→ Task instructions:
Without the images, output each record below as it stands.

→ Dataset content:
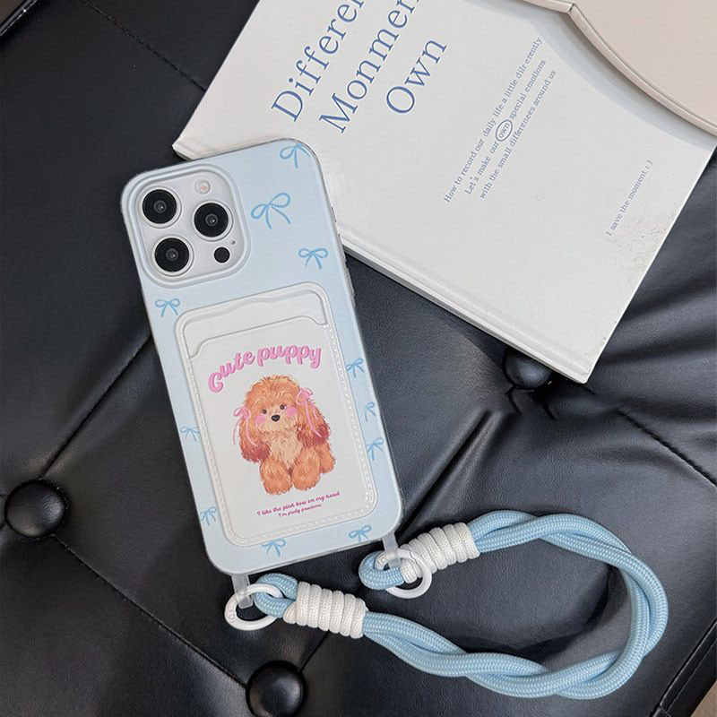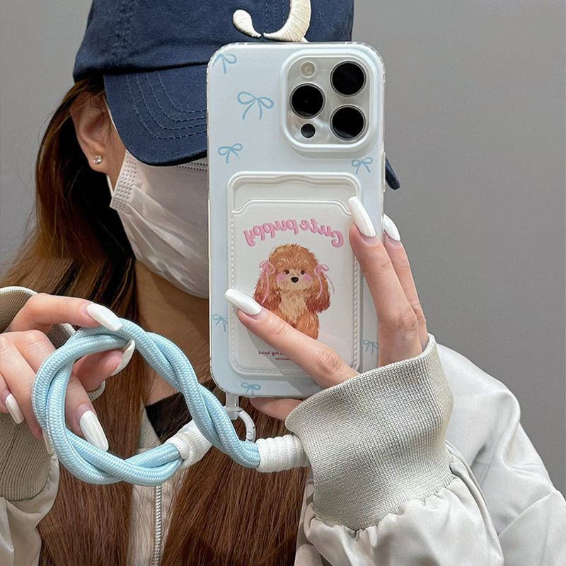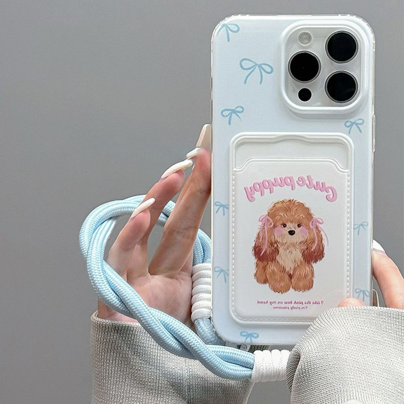卡通蝴蝶結小狗蘋果16手機殼iPhone13/14/15promax卡包12/11掛繩x
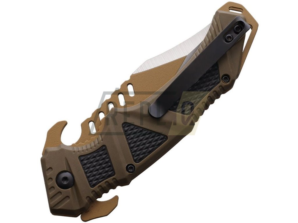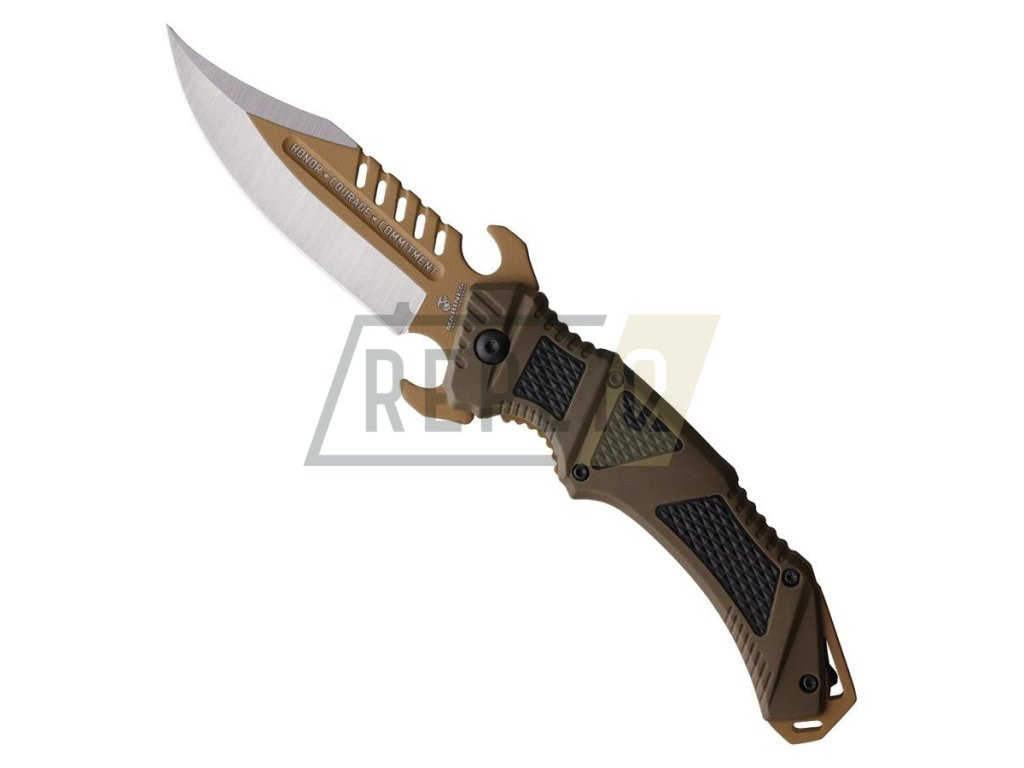 Taktický zavírák s asistovaným otevíráním čepele a licencovaným logem USMC. V otevřeném stavu je nůž jištěný pomocí pojistky Linerlock a pro snadné otevírání můžete využít výrazného flipperu, který zároveň slouží jako záštita chránící prsty před poraněním. Rukojeť je vyrobená z materiálu TPR (termoplastická guma) a její povrch je pokrytý poměrně výraznou protiskluzovou texturou.
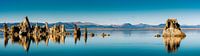 Panorama van de weerspiegeling van kalkhoudende tufsteenformaties in Mono Lake in de Sierra Nevada van Californië in de VS in blauw
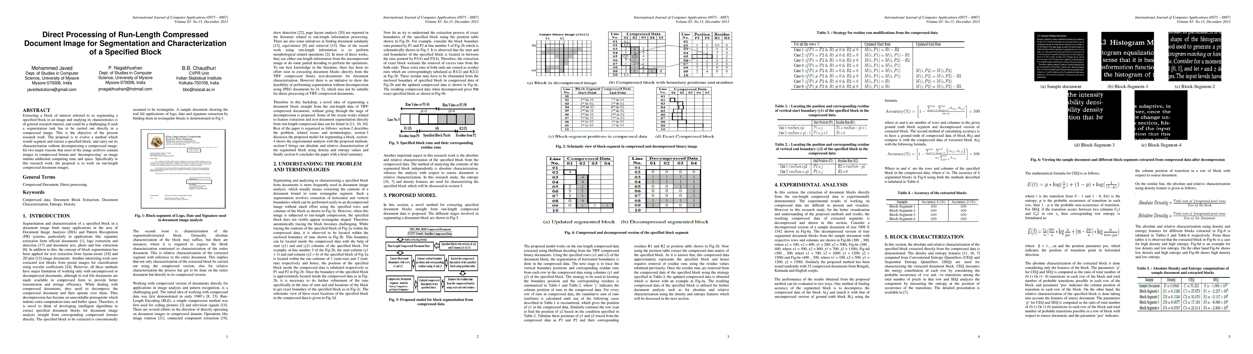 This research proposes a method for directly segmenting and characterizing a specified block in run-length compressed document images without decompressing the entire image, addressing the challenges of computational efficiency and storage constraints. The method aims to extract and analyze the block of interest directly from the compressed format.
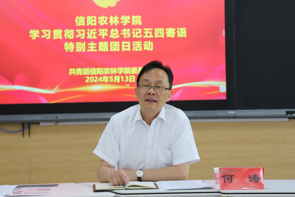 何涛与同学们亲切交流,共同庆祝青年人的节日。他赞扬了支部同学们积极昂扬的精神面貌,为同学们阐释了五四精神的核心要义,生动讲述了学校发展中的故事,并对全体团员青年提出四点希望:一是要树立远大理想。要发扬五四精神,高擎理想的火炬,从内心深处厚植对党的信赖、对中国特色社会主义的信心、对马克思主义的信仰,将个人理想与国家命运紧密结合在一起,在奉献社会、服务人民中实现青春梦想。二是要担当时代重任。要积极投身学校学雷锋、乡村振兴等一系列活动中,在融入活动、融入校园、融入社会中不断锤炼个人素质,提升个人能力,为将来在更广阔天地中施展自身才华打下坚实基础。三是要练就过硬本领。要通过不断的学习和实践练就过硬的核心本领,不断在时代变化中提升应对各种困难挑战的素质和能力,积极运用所学本领投身于中国特色社会主义的伟大实践,以过硬本领贡献国家、服务人民。四是要勇于砥砺奋斗。要切实担负起时代赋予的责任和使命,把家国情怀落实到具体行动中,在担当中作为,在磨砺中成长,走稳人生第一步,扣好人生第一粒扣子,在信阳这片热土上书写属于信阳林学院的崭新时代篇章。活动尾声,何涛为支部团员代表赠送《习近平与大学生朋友们》(第二卷)。

→ Task response:
卡通蝴蝶結小狗蘋果16手機殼iPhone13/14/15promax卡包12/11掛繩x
 Taktický zavírák s asistovaným otevíráním čepele a licencovaným logem USMC. V otevřeném stavu je nůž jištěný pomocí pojistky Linerlock a pro snadné otevírání můžete využít výrazného flipperu, který zároveň slouží jako záštita chránící prsty před poraněním. Rukojeť je vyrobená z materiálu TPR (termoplastická guma) a její povrch je pokrytý poměrně výraznou protiskluzovou texturou.
 Panorama van de weerspiegeling van kalkhoudende tufsteenformaties in Mono Lake in de Sierra Nevada van Californië in de VS in blauw
 This research proposes a method for directly segmenting and characterizing a specified block in run-length compressed document images without decompressing the entire image, addressing the challenges of computational efficiency and storage constraints. The method aims to extract and analyze the block of interest directly from the compressed format.
 何涛与同学们亲切交流,共同庆祝青年人的节日。他赞扬了支部同学们积极昂扬的精神面貌,为同学们阐释了五四精神的核心要义,生动讲述了学校发展中的故事,并对全体团员青年提出四点希望:一是要树立远大理想。要发扬五四精神,高擎理想的火炬,从内心深处厚植对党的信赖、对中国特色社会主义的信心、对马克思主义的信仰,将个人理想与国家命运紧密结合在一起,在奉献社会、服务人民中实现青春梦想。二是要担当时代重任。要积极投身学校学雷锋、乡村振兴等一系列活动中,在融入活动、融入校园、融入社会中不断锤炼个人素质,提升个人能力,为将来在更广阔天地中施展自身才华打下坚实基础。三是要练就过硬本领。要通过不断的学习和实践练就过硬的核心本领,不断在时代变化中提升应对各种困难挑战的素质和能力,积极运用所学本领投身于中国特色社会主义的伟大实践,以过硬本领贡献国家、服务人民。四是要勇于砥砺奋斗。要切实担负起时代赋予的责任和使命,把家国情怀落实到具体行动中,在担当中作为,在磨砺中成长,走稳人生第一步,扣好人生第一粒扣子,在信阳这片热土上书写属于信阳林学院的崭新时代篇章。活动尾声,何涛为支部团员代表赠送《习近平与大学生朋友们》(第二卷)。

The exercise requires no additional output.